[What the task requires]
The expected answer is the set of lines in the data below between the line holding "Lämmer suchen nach" and the line holding "En un acto realizado", inclusive, written out exactly.

[Records shown]
Content starts

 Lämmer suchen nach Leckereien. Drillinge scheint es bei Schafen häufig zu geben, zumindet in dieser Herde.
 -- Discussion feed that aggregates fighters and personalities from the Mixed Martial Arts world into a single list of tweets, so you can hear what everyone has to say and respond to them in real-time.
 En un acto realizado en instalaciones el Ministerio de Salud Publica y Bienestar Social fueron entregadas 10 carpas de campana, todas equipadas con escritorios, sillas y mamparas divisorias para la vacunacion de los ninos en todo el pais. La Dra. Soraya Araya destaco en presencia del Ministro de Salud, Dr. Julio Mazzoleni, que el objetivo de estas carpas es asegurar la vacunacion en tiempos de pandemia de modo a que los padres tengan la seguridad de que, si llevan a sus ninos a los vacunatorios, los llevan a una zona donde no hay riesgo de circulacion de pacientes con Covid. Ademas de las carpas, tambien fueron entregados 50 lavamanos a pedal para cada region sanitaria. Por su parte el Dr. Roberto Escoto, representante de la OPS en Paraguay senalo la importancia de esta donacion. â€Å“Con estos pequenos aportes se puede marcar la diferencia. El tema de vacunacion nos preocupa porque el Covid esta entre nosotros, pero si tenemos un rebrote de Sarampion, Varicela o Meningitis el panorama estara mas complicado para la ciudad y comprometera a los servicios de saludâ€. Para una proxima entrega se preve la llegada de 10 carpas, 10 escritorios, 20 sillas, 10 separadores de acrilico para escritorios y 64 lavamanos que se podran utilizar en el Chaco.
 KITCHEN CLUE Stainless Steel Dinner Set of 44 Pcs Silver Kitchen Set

Content ends
Content starts

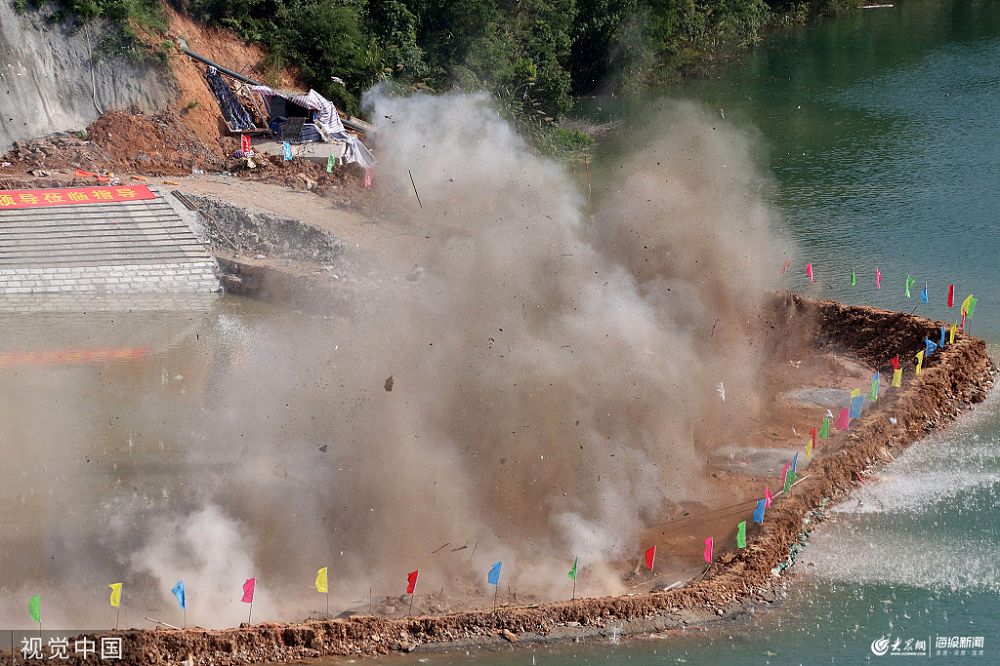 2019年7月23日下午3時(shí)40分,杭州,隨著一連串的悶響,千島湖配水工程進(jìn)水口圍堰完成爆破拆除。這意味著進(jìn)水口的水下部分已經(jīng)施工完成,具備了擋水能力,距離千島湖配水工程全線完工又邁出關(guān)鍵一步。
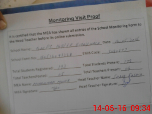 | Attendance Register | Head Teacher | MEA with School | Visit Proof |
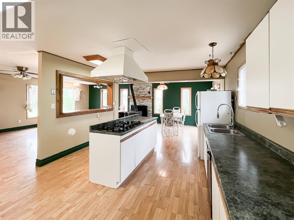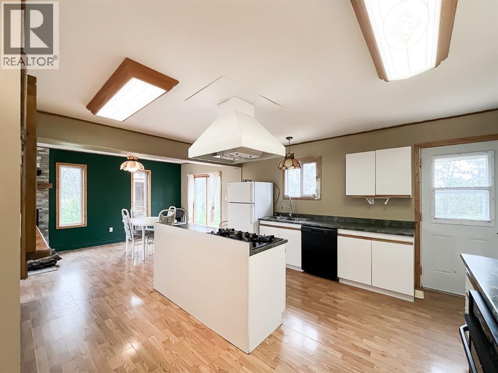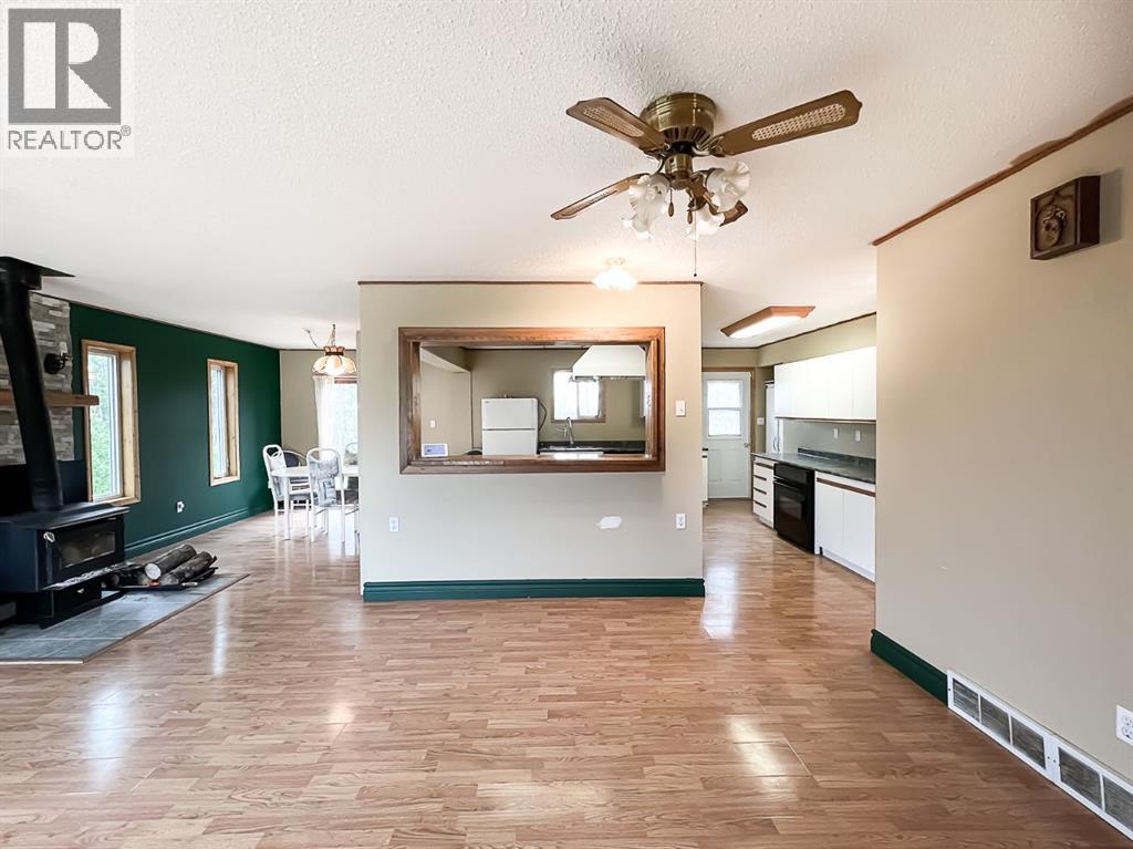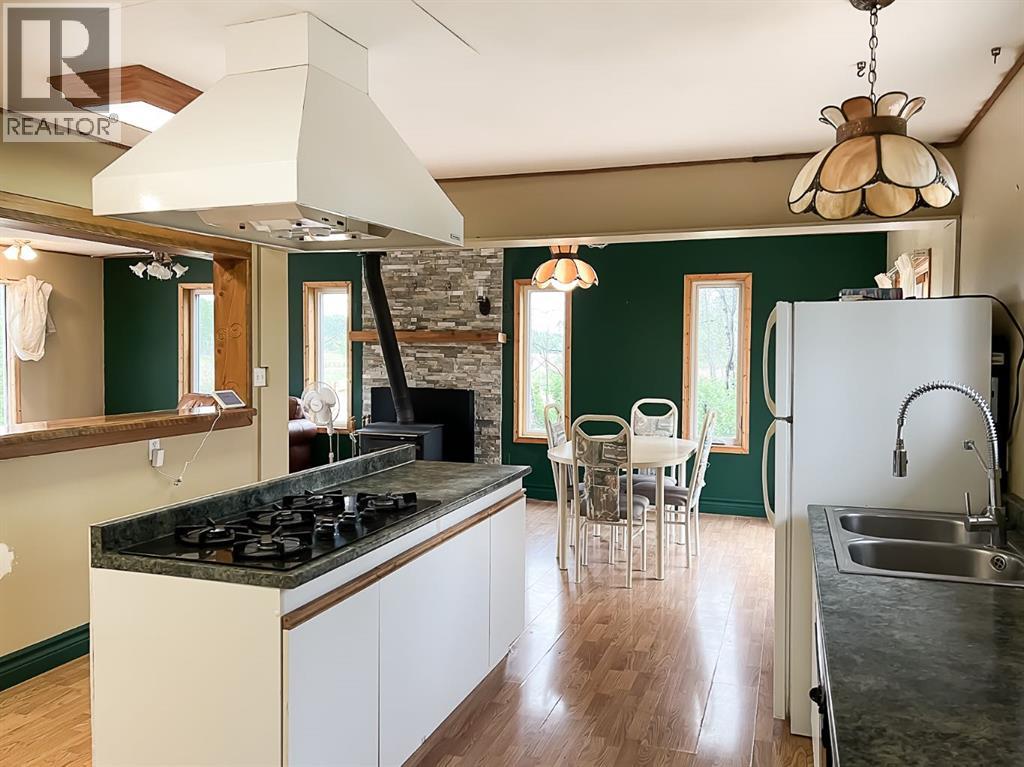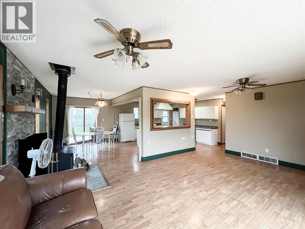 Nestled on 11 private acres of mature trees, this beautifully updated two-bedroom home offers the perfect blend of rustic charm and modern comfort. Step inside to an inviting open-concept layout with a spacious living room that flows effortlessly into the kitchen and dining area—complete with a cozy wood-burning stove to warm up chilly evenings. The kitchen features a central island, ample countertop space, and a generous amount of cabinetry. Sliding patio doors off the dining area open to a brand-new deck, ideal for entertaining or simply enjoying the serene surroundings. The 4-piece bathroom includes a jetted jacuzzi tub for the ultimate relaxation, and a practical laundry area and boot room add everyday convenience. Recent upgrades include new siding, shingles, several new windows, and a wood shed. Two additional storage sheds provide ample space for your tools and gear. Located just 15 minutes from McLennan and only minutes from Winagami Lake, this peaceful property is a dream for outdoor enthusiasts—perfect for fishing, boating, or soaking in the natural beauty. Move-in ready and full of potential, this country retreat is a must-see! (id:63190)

Content ends

[Your response]
 Lämmer suchen nach Leckereien. Drillinge scheint es bei Schafen häufig zu geben, zumindet in dieser Herde.
 -- Discussion feed that aggregates fighters and personalities from the Mixed Martial Arts world into a single list of tweets, so you can hear what everyone has to say and respond to them in real-time.
 En un acto realizado en instalaciones el Ministerio de Salud Publica y Bienestar Social fueron entregadas 10 carpas de campana, todas equipadas con escritorios, sillas y mamparas divisorias para la vacunacion de los ninos en todo el pais. La Dra. Soraya Araya destaco en presencia del Ministro de Salud, Dr. Julio Mazzoleni, que el objetivo de estas carpas es asegurar la vacunacion en tiempos de pandemia de modo a que los padres tengan la seguridad de que, si llevan a sus ninos a los vacunatorios, los llevan a una zona donde no hay riesgo de circulacion de pacientes con Covid. Ademas de las carpas, tambien fueron entregados 50 lavamanos a pedal para cada region sanitaria. Por su parte el Dr. Roberto Escoto, representante de la OPS en Paraguay senalo la importancia de esta donacion. â€Å“Con estos pequenos aportes se puede marcar la diferencia. El tema de vacunacion nos preocupa porque el Covid esta entre nosotros, pero si tenemos un rebrote de Sarampion, Varicela o Meningitis el panorama estara mas complicado para la ciudad y comprometera a los servicios de saludâ€. Para una proxima entrega se preve la llegada de 10 carpas, 10 escritorios, 20 sillas, 10 separadores de acrilico para escritorios y 64 lavamanos que se podran utilizar en el Chaco.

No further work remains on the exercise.